As LLMs become more powerful, understanding their decision-making process becomes more critical [24]. The role of attention in interpretability has been the subject of extensive debate. While initially appealing, the notion that “attention is explanation” has been challenged by studies showing that attention weights can be uncorrelated with feature importance measures [25]. Subsequent work has provided a more nuanced view, suggesting that while not a direct explanation, attention patterns can still be a useful signal when analyzed carefully [26,27]. To move beyond raw attention, more sophisticated interpretability methods have been developed [28]. Probing techniques analyze a model’s internal representations to determine whether they encode specific linguistic or factual knowledge [29]. More recently, causal mediation analysis techniques such as locating and editing factual associations [30,31] have offered powerful ways to trace a specific model behavior (e.g., recalling a fact) back to the specific model components responsible for it. These methods are highly insightful but are often post hoc, computationally intensive, and focused on explaining localized and specific model outputs.

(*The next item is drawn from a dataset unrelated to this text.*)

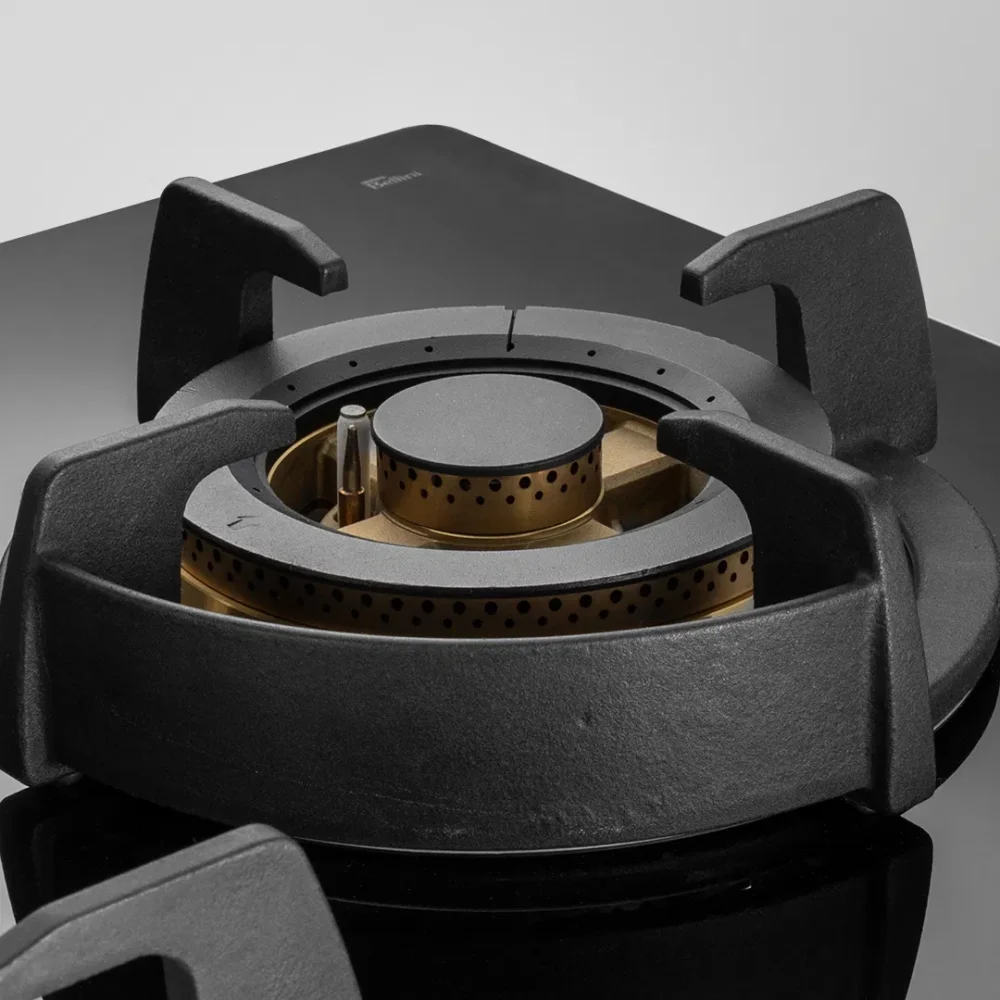 • Brass Burner Caps Coated in Black + Brass Flame Spreader

DAA offers a new built-in modality for interpretability. The learned attention bias is not a noisy byproduct of the attention calculation but a direct and trained signal representing the model’s learned policy for information flow. By design, it captures the directional importance that the model assigns between tokens. Visualizing these DAA biases provides a more direct and global view of the model’s internal “reasoning graph” than raw attention weights, offering a scalable and intuitive way to observe how the model constructs its arguments and dependencies without requiring complex post hoc analysis.

3. Methodology

This section provides a formal definition of DAA, details its architectural rationale, and analyzes its properties and integration within a standard transformer block.

3.1. From Static to Dynamic Asymmetry: Core Concept

The foundation of autoregressive LLMs is the causal self-attention mechanism, where the attention weights $\mathbf{A}\in {\mathbb{R}}^{n\times n}$ are computed as

$$\mathbf{A}=\mathrm{softmax}\left({\displaystyle \frac{\mathbf{Q}{\mathbf{K}}^T}{\sqrt{d_k}}}+{\mathbf{M}}_{\mathrm{causal}}\right),$$

(1)

where $\mathbf{Q},\mathbf{K}\in {\mathbb{R}}^{n\times d_k}$ are the query and key matrices and ${\mathbf{M}}_{\mathrm{causal}}$ is a binary mask that assigns $-\infty$ to all elements $(i,j)$ with $j>i$ and assigns 0 otherwise. This enforces a hard uniform constraint on information flow.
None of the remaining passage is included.